George Gordon Byron, 6th Baron Byron, lived between 1788 and 1824 and is regarded as being among the greatest of the English poets.
His best-known works include the lengthy narratives Don Juan and Childe Harold's Pilgrimage along with shorter pieces such as Hebrew Melodies.
Born in London, Bryon led a colourful life and was famously described by Lady Caroline Lamb as 'made, bad and dangerous to know'. He spent many years in Europe, including seven years in Italy. He fled England, never to return, in 1816 due to his debts and the rumours over his relationship with his half sister. Later on he took part in the Greek War of Independence to fight the Ottoman Empire, an action for which he's revered as a folk hero by the Greek people, and died at the age of 36 while leading a campaign after contracting a fever.

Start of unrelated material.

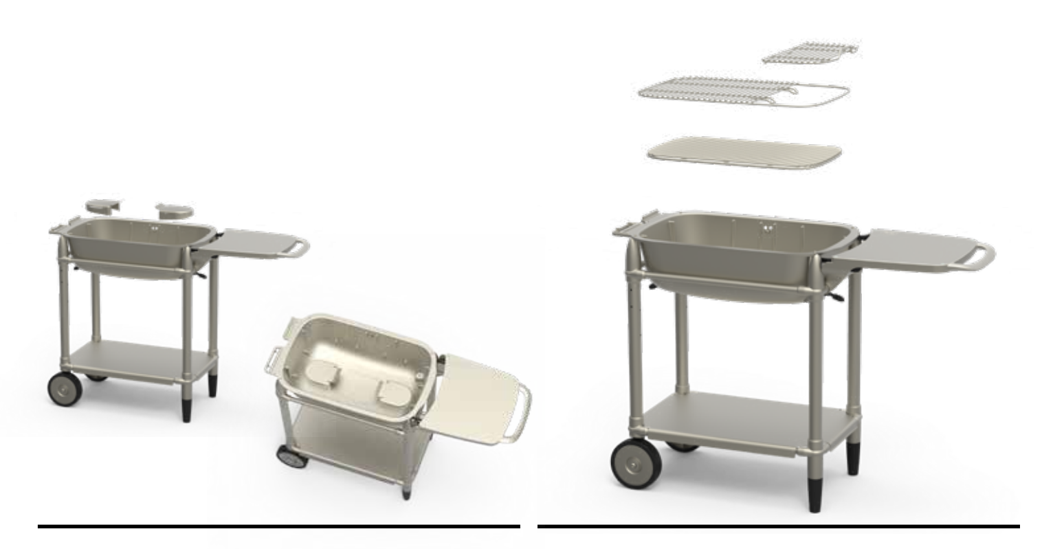
STEP 4. Put the two VENT COVERS in place inside the LOWER CAPSULE as shown.

Cotswolds-based PJ has sought to imagine the companionship between Byron, his bear and other animals in his menagerie in a series of paintings.
'Byron's Bear' is particularly inspired because this year remembers the bi-centenary of Byron's death,' PJ explains
'Byron also visited Cheltenham in 1812 where I was fascinated to learn he met the great clown/actor Joseph Grimaldi, of whom, early in my career, I made a silk screen print and had included him in my student thesis.'
The poet Percy Bysshe Shelley visited Byron during the years he lived in Italy and wrote in his diary :
'Lord B’s establishment consists, besides servants, of ten horses, eight enormous dogs, three monkeys, five cats, an eagle, a crow, and a falcon; and all these, except the horses, walk about the house, which every now and then resounds with their unarbitrated quarrels, as if they were the masters of it…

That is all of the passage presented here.